Your calculations do not jibe with the information from this source:

http://www.ndt-ed.org/EducationResources/CommunityCollege/PenetrantTest/Introduction/visualacuity.htm

Their formula: X/2 = d (tan Theta/2)

Where: X = normal acuity in inches
d = viewing distance
Theta = 1/60 of a degree, i.e,. normal acuity in degrees

Yields an X value of .00349" for a 12" viewing distance.
That translates into 286.5 pixels per inch. Solving for the pixels
required for an 8.5" x 11" (8.5 x 286.5) x (11 x 286.5) image
yields 7,661,296.5 pixels or a bit more than 7.6 megapixels for
a 12' viewing distance.

Or am I missing something?

--
When a hammer is your only tool, all problems begin to look like nails.
 
not only does that not jibe with the formula and the results from the
source I cited, but it also doesn't fit with my own experience in printing
many pictures at various sizes and resolutions over the past 10 years.
Your numbers are just way too high.

--
When a hammer is your only tool, all problems begin to look like nails.
 
The article you site is speaking about line pairs for the.

"What this means is that if you had alternating black and white lines that were all 0.00349 inch wide, it would appear to most people as a mass of solid gray."

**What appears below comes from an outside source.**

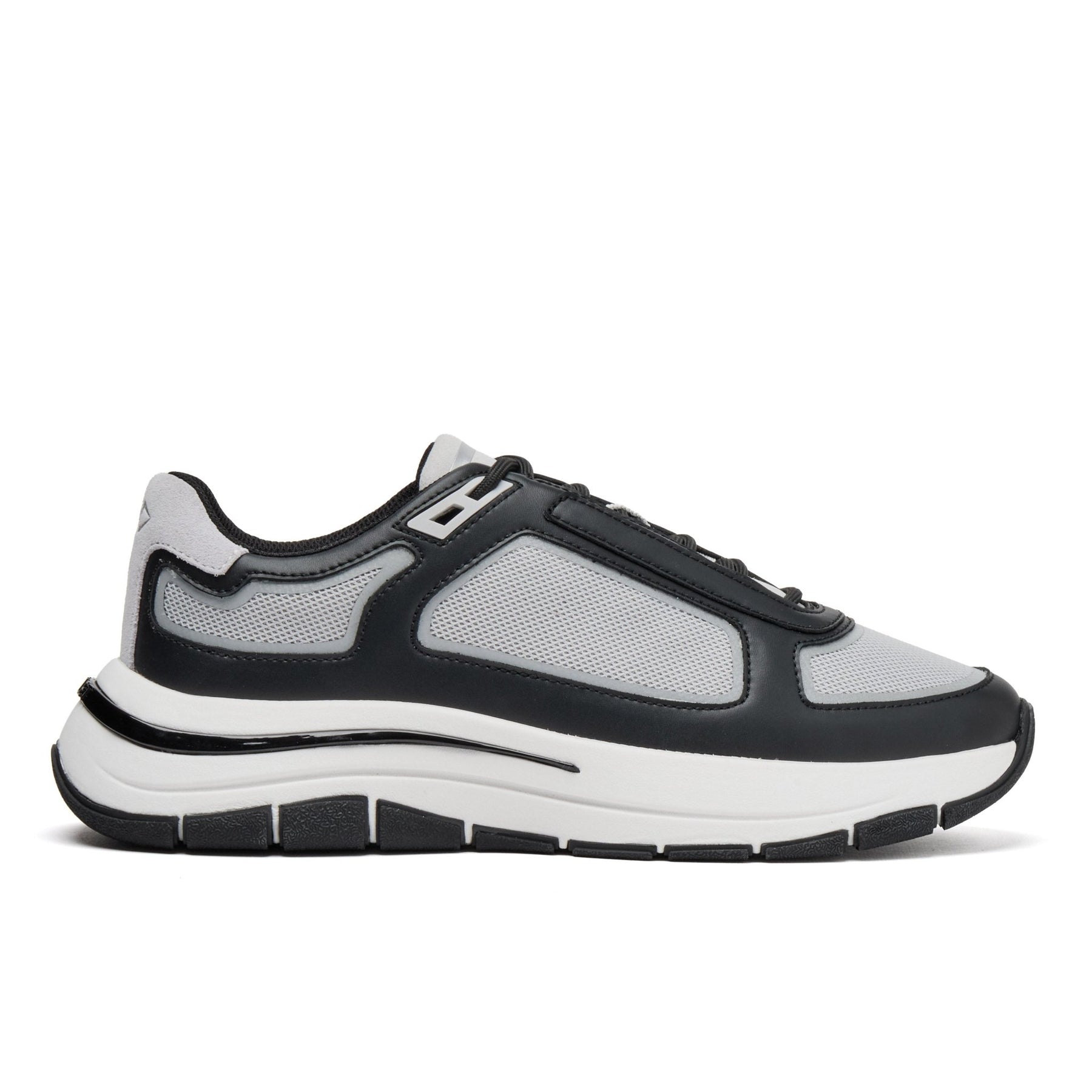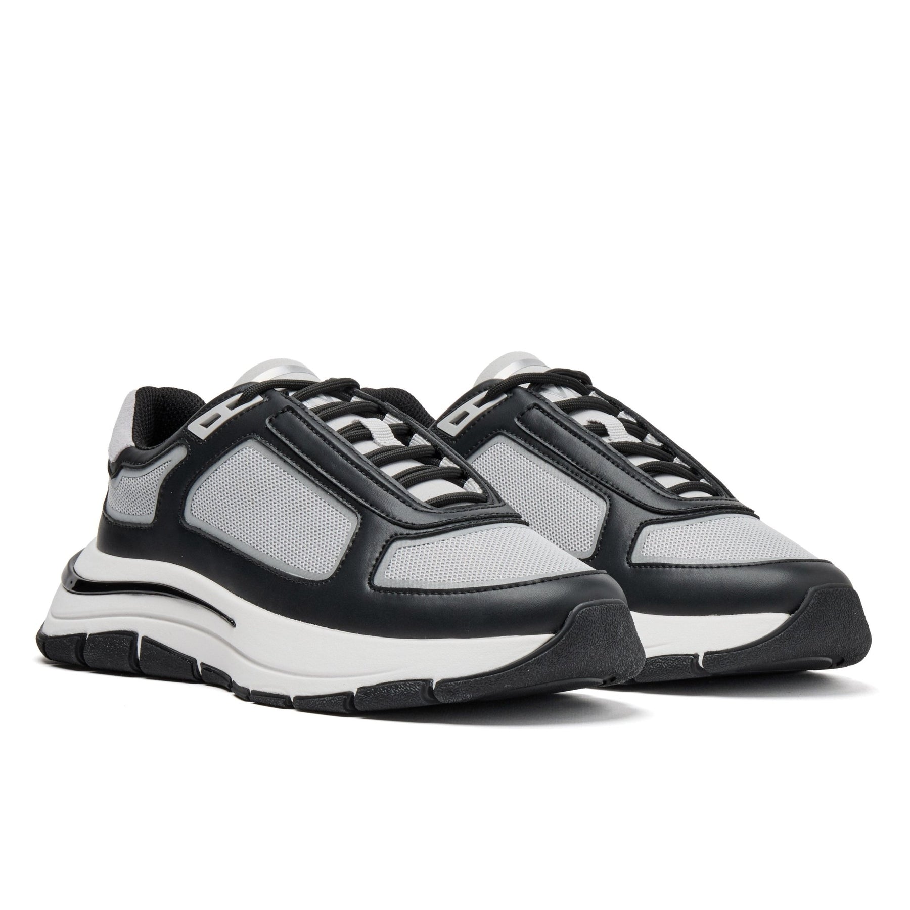 Men’s black and grey leather and chrome mesh trainers with chunky sole

Two pixels are required to produce a line pair. Take the 7 megpixels and multiply it by 4 (2 x per axis) to get the 28 megapixels. I am not claiming that 30 megapixel picture is required to print an acceptable 8.5 x 11 image, this is just the limitation of the eyes resolution.
--
Canon A2E, Sony R1 & Panasonic TZ5
 
Yes, the source I cited does talk about line pairs, made up of lines
that are each 0.00349 inch wide , which is equivalent to 286.5 pixels
per inch. The total width of each line pair is 2 x .00349 or .00698.

Your reasoning would mean that the average human eye can resolve
up to approximately 573 pixels. That doesn't stand up to reality.

Try this experiment, view a camera resolution test card at a distance of
12 inches under good lighting to see how well your eyes can resolve the
lines on it. I did that using my reading glasses, which give me 20/20
vision at that distance, and I could barely discern the line pairs at the
highest density - which on the card I have is about 100 line pairs per
inch - i.e., equivalent to about 200 pixels per inch. That makes it quite
difficult for me to accept that my eyes could resolve line pairs that are
more that 2 1/2 times denser.

--
When a hammer is your only tool, all problems begin to look like nails.
 
Jerry, this is a nice bit of math you have done.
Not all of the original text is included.